**ACTIVITY:** Copy nothing but the line with "病房张东敬护士长是人文医学的" and the lines that follow it to the end of the entries below, and keep the pictures out.

**RECORDS FOR THIS EXERCISE:**
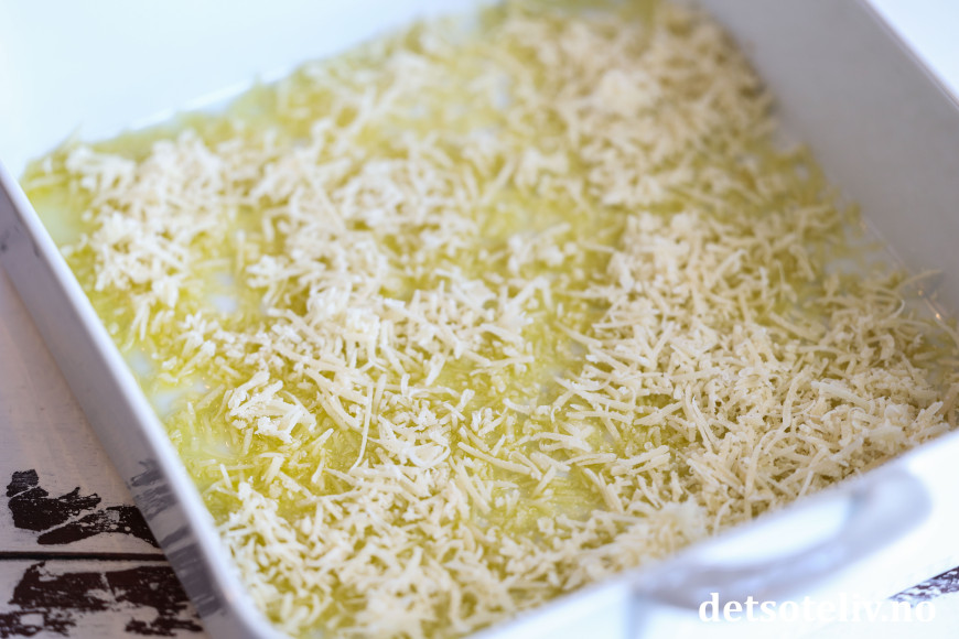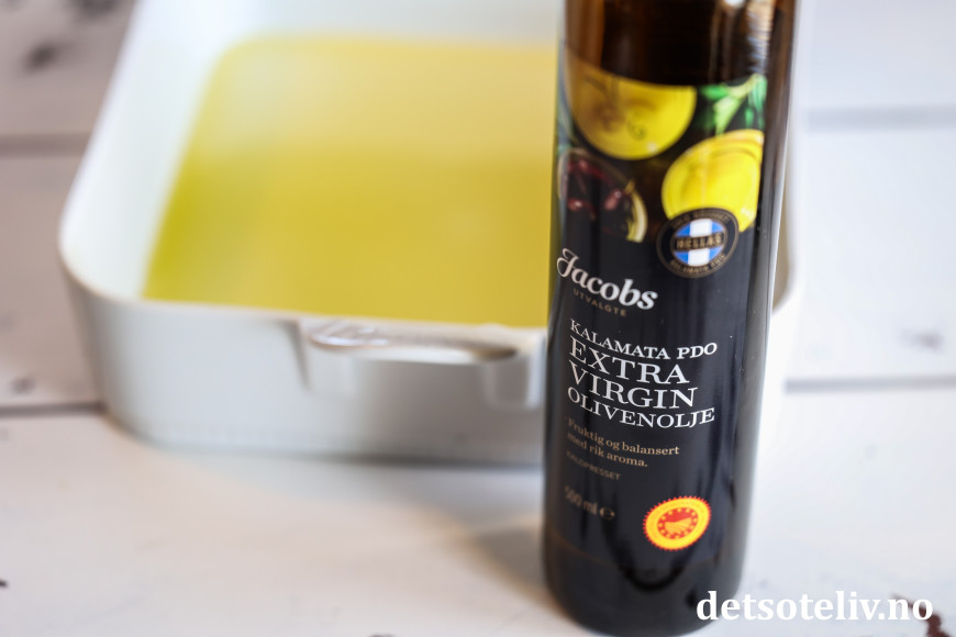 Finn frem en ildfast form (min måler ca. 22 x 22 cm). Hell olivenolje eller smeltet smør i formen.
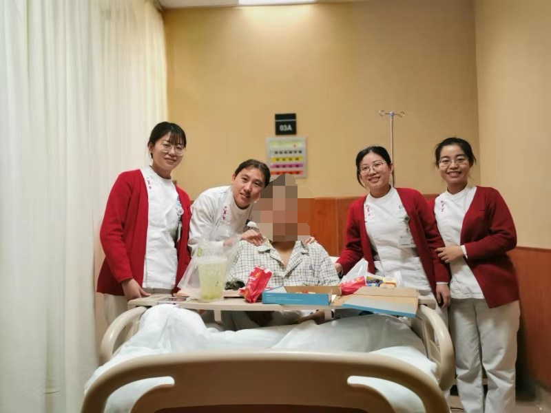 病房张东敬护士长是人文医学的践行者,病房充满暖暖的人文关怀氛围。每天看着她们忙碌的身影,听着亲切的招呼,小明特别懂事听话,积极配合治疗。护士姐姐们给他送来了蛋糕、生日礼物和小食品,他总是不舍得吃,一直留着,那是他心里甜甜的幸福。
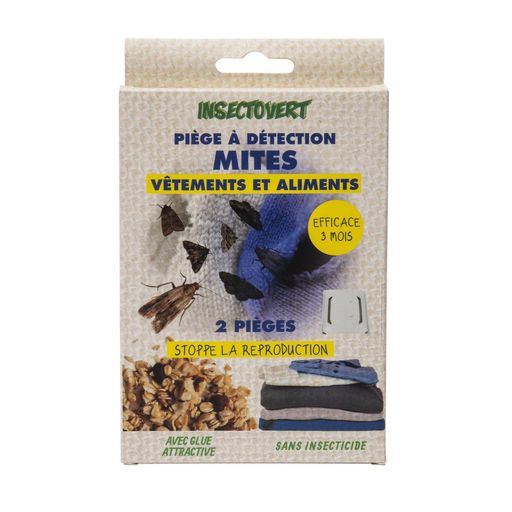 Description détaillée du piège à détection mites vestimentaires et alimentaires Utilisation domestique Marque Insectovert par SubitoPiège de détection pour mîtesSpécial vêtements et aliments Lot de 2 pièges Efficacité du piège: 3 mois1 piège protège jusqu'à 100m²Piège avec Glue attractiveSans insect
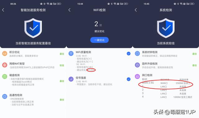另外APP上的这个检测功能,可以方便快捷的查看当前系统状态,比如信号强度、信道、网口状态等等……进而调整路由器获得更快的WiFi速度/加速服务收益/网络速度,不过呢,那个WiFi检测需要注意的一点是,如果你按照它的提示调整,会给你调整到149以上信道,而149以下从40信道开始支持160MHz(连接后显示速率2400Mbps),你按他的一键优化方案,就只能跑到80MHz,即连接速率1200Mbps。
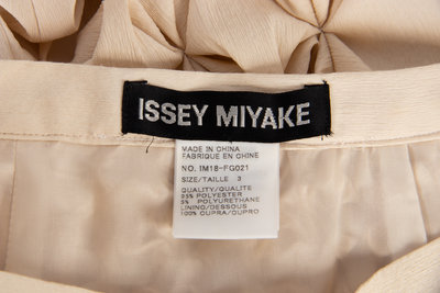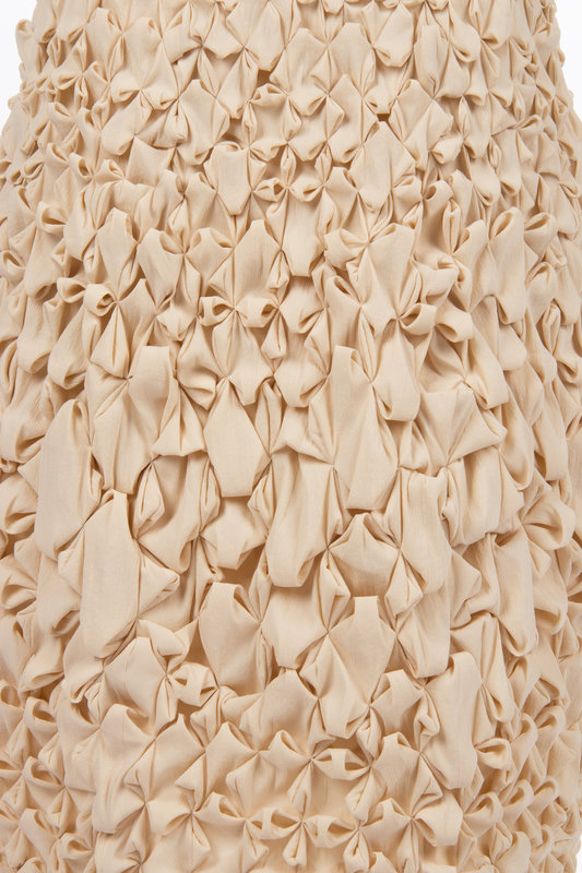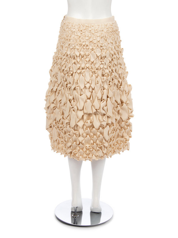 Cream polyester blend crepe flared skirt with folded and gathered over skirt.

**RESULT FOR THIS EXERCISE:**
 病房张东敬护士长是人文医学的践行者,病房充满暖暖的人文关怀氛围。每天看着她们忙碌的身影,听着亲切的招呼,小明特别懂事听话,积极配合治疗。护士姐姐们给他送来了蛋糕、生日礼物和小食品,他总是不舍得吃,一直留着,那是他心里甜甜的幸福。
 Description détaillée du piège à détection mites vestimentaires et alimentaires Utilisation domestique Marque Insectovert par SubitoPiège de détection pour mîtesSpécial vêtements et aliments Lot de 2 pièges Efficacité du piège: 3 mois1 piège protège jusqu'à 100m²Piège avec Glue attractiveSans insect
另外APP上的这个检测功能,可以方便快捷的查看当前系统状态,比如信号强度、信道、网口状态等等……进而调整路由器获得更快的WiFi速度/加速服务收益/网络速度,不过呢,那个WiFi检测需要注意的一点是,如果你按照它的提示调整,会给你调整到149以上信道,而149以下从40信道开始支持160MHz(连接后显示速率2400Mbps),你按他的一键优化方案,就只能跑到80MHz,即连接速率1200Mbps。
 Cream polyester blend crepe flared skirt with folded and gathered over skirt.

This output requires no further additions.